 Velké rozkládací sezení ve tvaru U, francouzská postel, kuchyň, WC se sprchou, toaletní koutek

...

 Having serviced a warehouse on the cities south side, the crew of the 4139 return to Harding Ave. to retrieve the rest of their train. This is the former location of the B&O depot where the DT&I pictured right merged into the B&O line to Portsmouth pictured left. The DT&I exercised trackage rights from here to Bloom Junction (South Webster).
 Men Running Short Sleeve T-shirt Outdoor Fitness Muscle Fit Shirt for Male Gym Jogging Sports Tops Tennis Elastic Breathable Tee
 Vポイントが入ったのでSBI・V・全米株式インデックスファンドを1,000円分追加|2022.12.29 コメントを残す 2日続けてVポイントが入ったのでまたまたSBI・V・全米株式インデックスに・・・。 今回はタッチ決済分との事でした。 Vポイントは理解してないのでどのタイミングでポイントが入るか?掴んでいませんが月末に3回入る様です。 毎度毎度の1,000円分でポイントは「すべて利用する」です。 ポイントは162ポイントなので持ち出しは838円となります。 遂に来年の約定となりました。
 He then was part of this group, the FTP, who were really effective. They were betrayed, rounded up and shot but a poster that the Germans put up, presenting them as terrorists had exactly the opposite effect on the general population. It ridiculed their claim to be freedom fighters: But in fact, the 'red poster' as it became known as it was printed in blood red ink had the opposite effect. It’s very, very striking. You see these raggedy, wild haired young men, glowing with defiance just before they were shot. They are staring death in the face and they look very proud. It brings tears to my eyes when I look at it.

■ Problem description
Each line above where the word "their" occurs should be returned in full.

■ Response to this exercise
 Having serviced a warehouse on the cities south side, the crew of the 4139 return to Harding Ave. to retrieve the rest of their train. This is the former location of the B&O depot where the DT&I pictured right merged into the B&O line to Portsmouth pictured left. The DT&I exercised trackage rights from here to Bloom Junction (South Webster).
 He then was part of this group, the FTP, who were really effective. They were betrayed, rounded up and shot but a poster that the Germans put up, presenting them as terrorists had exactly the opposite effect on the general population. It ridiculed their claim to be freedom fighters: But in fact, the 'red poster' as it became known as it was printed in blood red ink had the opposite effect. It’s very, very striking. You see these raggedy, wild haired young men, glowing with defiance just before they were shot. They are staring death in the face and they look very proud. It brings tears to my eyes when I look at it.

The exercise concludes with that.